MANAUS, Brazil – For much of the world, coverage of the devastating COVID-19 outbreak here in Manaus was a reminder that the Amazon is more than just the rainforest.

In fact, more than 60% of the Brazilian Amazon region’s 30 million people live in urban centers, and every year thousands more leave rural communities for Manaus and Belém – the region’s largest cities – to look for jobs and a better life. Most city newcomers, however, end up living in slums, peddling candy at busy intersections or, with luck, finding informal or domestic work.

The picture is similar in other Amazonian cities, and the quest is underway to create green jobs that preserve biodiversity and benefit not just deserving small communities in the jungle, but urban dwellers everywhere.
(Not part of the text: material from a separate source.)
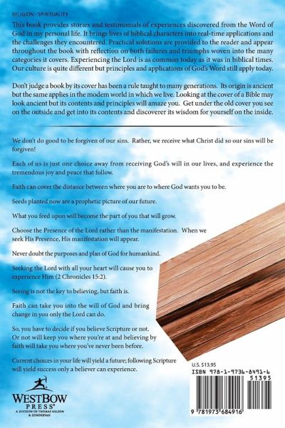 This book provides stories and testimonials of experiences discovered from the Word of God in my personal life. It brings lives of biblical characters into real-time applications and the challenges they encountered. Practical solutions are provided to the reader and appear throughout the book with reflection on both failures and triumphs woven into the many categories it covers. Experiencing the Lord is as common today as it was in biblical times. Our culture is quite different but principles and applications of God's Word still apply today. Don't judge a book by its cover has been a rule taught to many generations. Its origin is ancient but the same applies in the modem world in which we live. Looking at the cover of a Bible may look ancient but its contents and principles will amaze you. Get under the old cover you see on the outside and get into its contents and discoverer its wisdom for yourself on the inside.

The need is dire: 41% of Amazonians live in poverty, almost double the national average of 22%. Even before the pandemic, more than 12 million Brazilian Amazonians were looking for work. About 5.5 million, or more than half, of those who did have jobs were employed in the informal sector – the highest rate of informality in the country.

Creating good jobs “is possibly the biggest challenge the region faces,” said Denis Minev, an entrepreneur based in the state of Amazonas, who is also considered the largest angel investor in the region.

A vendor sells pirated DVDs on a ferry boat in Manaus.
(Photo by Ricardo Funari/Brazil Photos/LightRocket via Getty Images)

The region’s limited private sector presents numerous roadblocks. A report by Imazon shows only 24% of the region’s workforce holds a formal job, with about 10% of Amazonian workers employed in public service. The region’s urban Human Development Index is also the lowest in the country, and Black and Brown residents’ HDI is at even lower levels locally. And while Black and Brown Brazilians constitute 80% of the population and the majority of the labor force in the north, their earnings are half the wages paid to white workers.

In Manaus, the free trade zone (Zona Franca) has been the main private-sector employer since its creation in 1957. But the model of subsidizing manufacturing plants in the farthest – and least connected – corner of Brazil has not been enough to absorb the region’s growing workforce. In fact, since its peak in 2014, employment in the Zona Franca has been decreasing steadily.

“We can’t have jobs if we don’t have new enterprises,” said Mariano Cenamo, founder of Idesam, a sustainable development NGO based in Manaus.

In 2017, Cenamo joined Minev to launch a business accelerator, the Partnership Platform for the Amazon, and now the accelerator AMAZ, to invest in companies that show the business potential of the rainforest while generating jobs and income for locals, all with a focus on environmental sustainability. In a little over two years, they have worked with 30 startups responsible for 251 direct jobs, and the accelerator has attracted more investors and increased its funding, aiming for a larger portfolio in 2021.

Denis Minev at his office in Manaus
Courtesy: Denis Minev

An economist by training who also runs the largest Amazon-based retail chain, Grupo Bemol, Minev believes the region’s urban centers offer the biggest opportunities today to build job-creating enterprises in sectors like technology and venture capital. But the hurdles are immense.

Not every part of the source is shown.